What needs to be done: Output the listing word for word, minus images.

Supplied data Start Marker

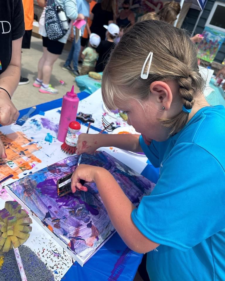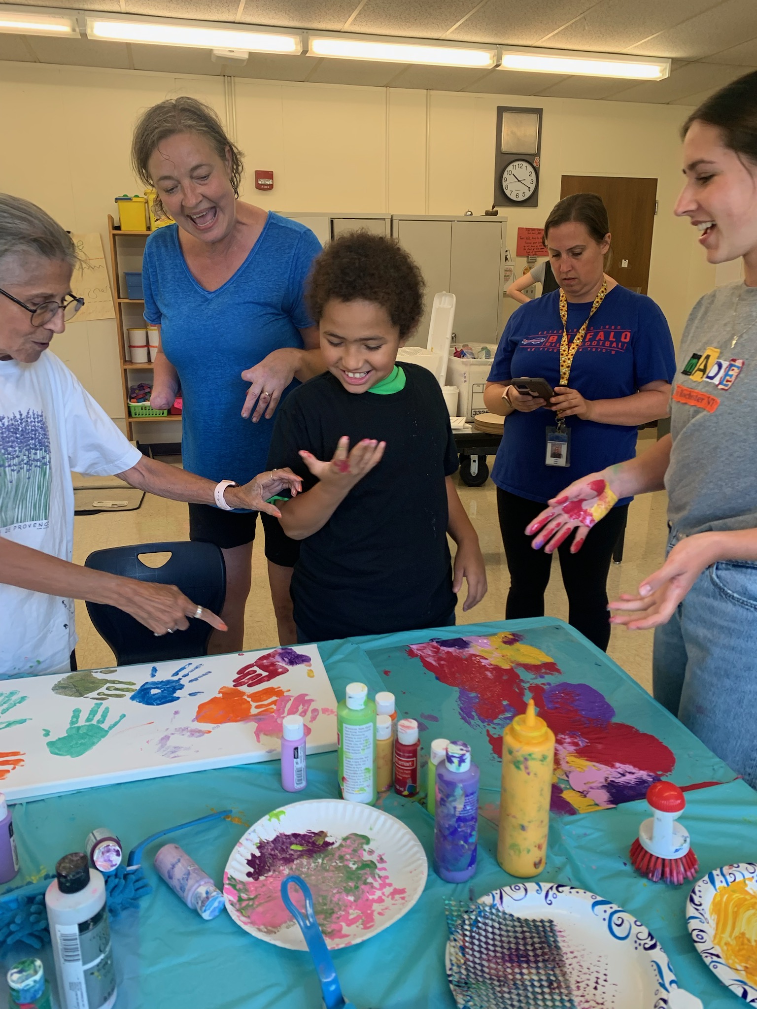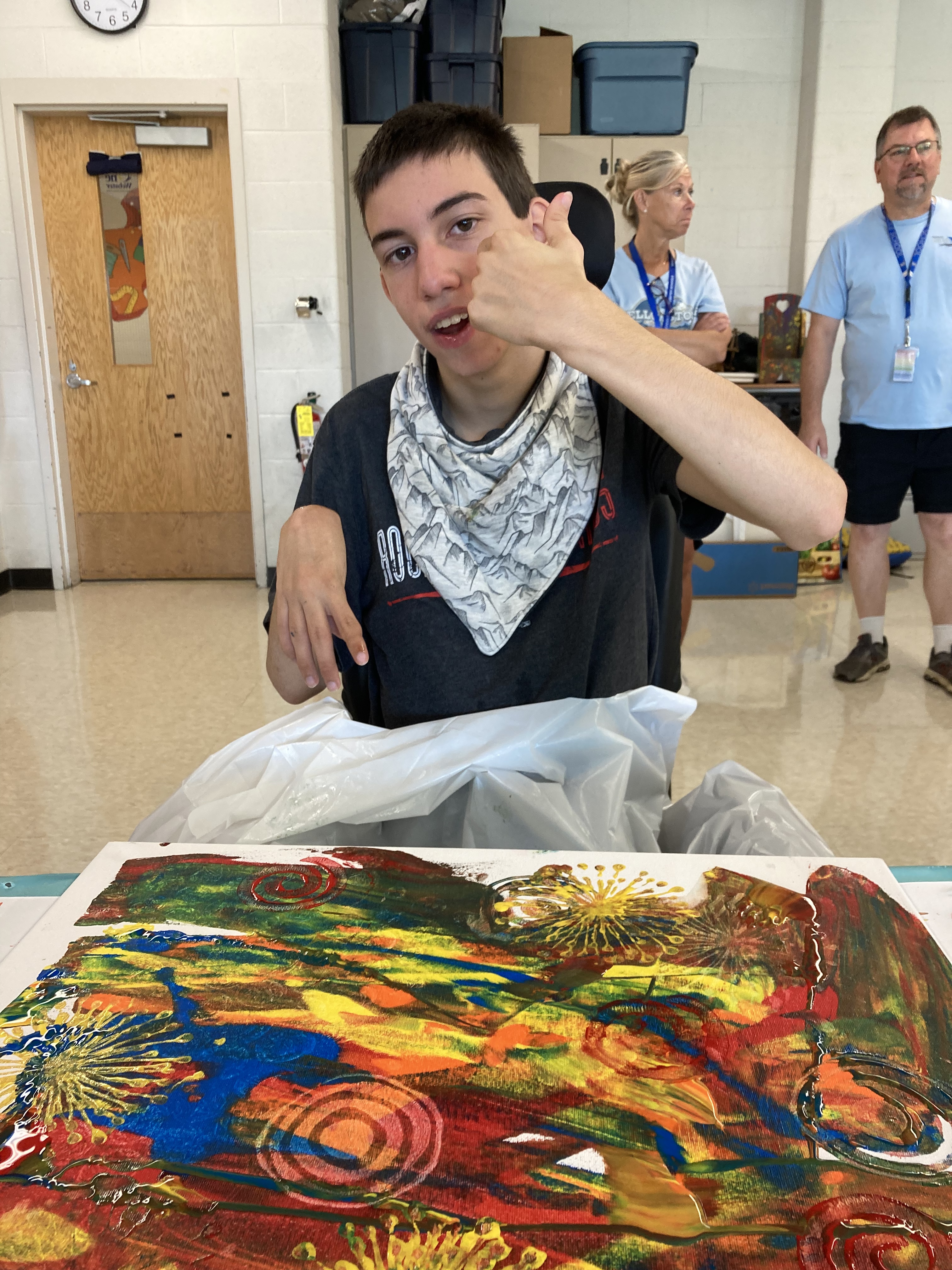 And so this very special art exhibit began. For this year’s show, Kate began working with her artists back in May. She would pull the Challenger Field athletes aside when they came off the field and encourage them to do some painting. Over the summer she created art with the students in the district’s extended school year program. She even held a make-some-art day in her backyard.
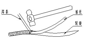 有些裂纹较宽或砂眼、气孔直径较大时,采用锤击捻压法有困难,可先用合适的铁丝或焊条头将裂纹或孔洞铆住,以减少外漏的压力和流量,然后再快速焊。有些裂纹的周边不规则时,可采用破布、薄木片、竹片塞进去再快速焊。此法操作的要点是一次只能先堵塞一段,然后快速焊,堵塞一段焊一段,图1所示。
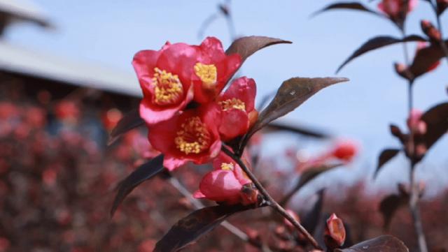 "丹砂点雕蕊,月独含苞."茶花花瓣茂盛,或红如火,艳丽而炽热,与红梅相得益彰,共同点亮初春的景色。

Supplied data End Marker

Written response:
 And so this very special art exhibit began. For this year’s show, Kate began working with her artists back in May. She would pull the Challenger Field athletes aside when they came off the field and encourage them to do some painting. Over the summer she created art with the students in the district’s extended school year program. She even held a make-some-art day in her backyard.
 有些裂纹较宽或砂眼、气孔直径较大时,采用锤击捻压法有困难,可先用合适的铁丝或焊条头将裂纹或孔洞铆住,以减少外漏的压力和流量,然后再快速焊。有些裂纹的周边不规则时,可采用破布、薄木片、竹片塞进去再快速焊。此法操作的要点是一次只能先堵塞一段,然后快速焊,堵塞一段焊一段,图1所示。
 "丹砂点雕蕊,月独含苞."茶花花瓣茂盛,或红如火,艳丽而炽热,与红梅相得益彰,共同点亮初春的景色。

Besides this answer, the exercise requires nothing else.